I better start practicing.


----------



## PACman (Oct 24, 2014)

There's a church here in town like that. I always used to think what a nightmare it would be to have to paint or stain them. Have fun.


----------



## Gough (Nov 24, 2010)

This has been our go-to product for years. 

https://www.shellac.net/shading-glazing-stain.html

It dries quckly and is compatible with every top coat we've tried.


----------



## epretot (Dec 17, 2011)

Gough said:


> This has been our go-to product for years.
> 
> https://www.shellac.net/shading-glazing-stain.html
> 
> It dries quckly and is compatible with every top coat we've tried.


Thanks.
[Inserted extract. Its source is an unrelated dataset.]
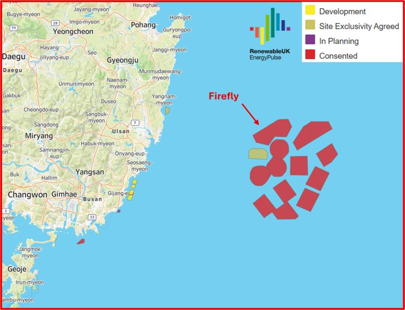 Equinor’s 750MW Firefly (Bandibuli) floating wind farm off Ulsan, South Korea, received a Renewable Energy Certificate (REC) award in 2024, securing government-backed financial support.

I will be making up some samples. I will try it out.


----------



## PACman (Oct 24, 2014)

Why not just use Minwax Polyshades? (Heehee.)


----------



## Gough (Nov 24, 2010)

PACman said:


> Why not just use Minwax Polyshades? (Heehee.)


I teach a finishing class for the students in the furniture program at the local university. The instructor and I joke about making up a poster featuring a photo of a can of Polyshades...with a big red circle and a slash through it.

"Polyshades- not even once."


----------



## epretot (Dec 17, 2011)

Gough said:


> This has been our go-to product for years.
> 
> https://www.shellac.net/shading-glazing-stain.html
> 
> It dries quckly and is compatible with every top coat we've tried.


Are you spraying this product?


----------



## Gough (Nov 24, 2010)

epretot said:


> Are you spraying this product?


No. We typically apply it by brush, then blend it with either a badger blender or an or-hair brush.


----------